DISCUSSION


    Ophthalmopathy, which is one of the extrathyroidal components of Graves' disease, sometimes emerges in euthyroid patients with no history of thyrotoxicosis. (euthyroid Graves' disease). The pathogenesis of the ophthalmopathy in Graves' disease, euthyroid or otherwise, is still unknown. Since lymphocytic infiltration is observed in the retroorbital tissue, it has been suggested that an autoimmune reaction against the retroorbital tissue is the cause of Graves' ophthalmopathy [3-5] .
    The hyperthyroidism in Graves' disease is caused by autoantibodies against TSH receptor, which stimulates the production of thyroid hormone by thyroid epithelial cells. TBII, measured by a kit of radio-receptor assay from Cardiff, UK (TRAb 'Cosmic', Cosmic Co., Tokyo, Japan), can be detected in about 95% of patients with Graves' disease. With a more sensitive bioassay, TSAb is found in almost all patients with Graves' disease [1] . Consistent with this, distribution analysis has revealed exophthalmos in almost all patients with Graves' disease [6] . Patients with euthyroid Graves' disease often show some abnormalities upon thyroid examination [4] . The reported incidence of various thyroid abnormalities is as follows: presence of thyroid enlargement, 24-40%; low TSH, 14-23%; no or low response of TSH to TRH, 40-63%; high thyroid uptake of 123I, about 20%; negative T3-suppression test, 30-73%; positive TgAb, 11-67%; positive McAb, 18-60%; positive TBII, 31-36%; and positive TSAb, 43-87% [1, 7-12] . Among these abnormalities, that of TSAb can be detected most often in euthyroid Graves' disease. We recently detected TSAb in the serum of 93% of our patients with euthyroid Graves' disease by using an ultrasensitive assay for TSAb we have developed, which detects 0.1 オU/ml of bTSH and is one thousand times more sensitive on the base of bTSH than TBII assay ( [13, 14] ; unpublished data). This incidence was almost the same as that in patients with hyperthyroid Graves' disease. Furthermore, this TSAb assay was useful in the prediction of the onset of Graves' disease after delivery [14] . However it was reported that in a few of hyperthyroid Graves' disease patients, both radioreceptor assay and bioassay could not detect any antibodies [15] . Subsequent to radioiodine therapy, TSH receptor antibodies appeared in almost all of their patients. Considering all, a local production of TSAb within thyroid gland and may be in retroorbital tissue is important in the patients with Graves' disease associated with ophthalmopathy. Moreover follow-up study is essential in these patients.

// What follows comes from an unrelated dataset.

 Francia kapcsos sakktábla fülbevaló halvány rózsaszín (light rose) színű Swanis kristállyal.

    Our patients showed no goiter, with euthyroidism, normal TSH concentration, normal 123I-uptake, normal T3 suppression, and negative McAb, TgAb, and TBII. However, their ocular symptoms and the enlargement of the extraocular muscles demonstrated by MRI were typical findings in Graves' ophthalmopathy. Furthermore, TSAb activities were positive as measured with our ultrasensitive assay. Thus, we diagnosed them as having euthyroid Graves' disease. While there are many reports regarding this disease, this is the first report to our knowledge of patients with euthyroid Graves' disease showing no thyroid abnormalities other than positive TSAb.

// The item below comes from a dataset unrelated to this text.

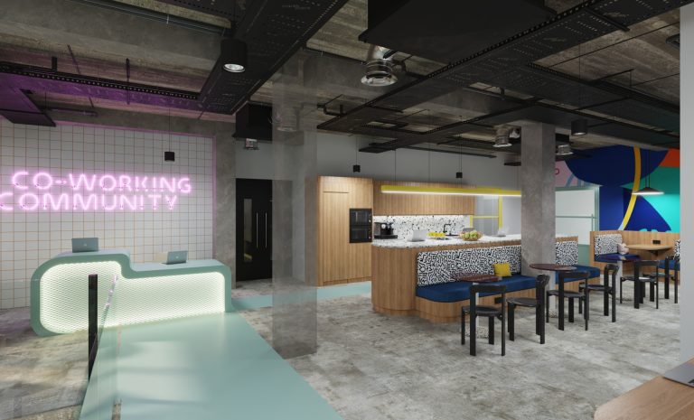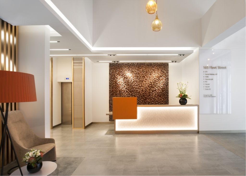Resonate were approached to re-design the Entrance lobby and CAT A floors. We set about providing some sparkle and a bit of drama to a tired space. The scheme needed to work for a multi tenanted building and provide a warm and welcoming environment to a variety of occupiers. With the planners an Entrance Portal design was agreed and implemented in a steel grey to complement the existing vernacular.

    It was recently reported that TSH-receptors are present on retroorbital tissue [16] . Therefore, TSH receptor antibody stimulating thyroid cells (TSAb) might also stimulate or interact with retroorbital tissue, causing ophthalmopathy. Indeed, the change in TSAb activity almost paralleled the extent of ophthalmopathy in our patients. Furthermore, we found that the TSAb activity was also related to the degree of ophthalmopathy in patients with hypothyroid Graves' disease, who present Graves' ophthalmopathy and TSAb, but are hypothyroid due to the practical destruction of the thyroid [2] . Given these considerrations, TSAb might be important in the development of Graves' ophthalmopathy.
    The mechanism by which euthyroid condition was maintained in our patients even though they had positive TSAb is unknown, but it might be either that the TSAb activity was not high enough to cause hyperthyroidism in euthyroid Graves' disease or the presence of a suppressive mechanism against TSAb stimulation in euthyroid Graves' disease. Alternatively, an antigenic epitope on the TSH-receptor recognized by TSAb in euthyroid Graves' disease may differ from that in usual Graves' disease, or there may be other differences between the two forms of the disease.
In any event, the measurement of TSAb in patients who have ophthalmopathy without other thyroid abnormalities is essential to accurate diagnosis.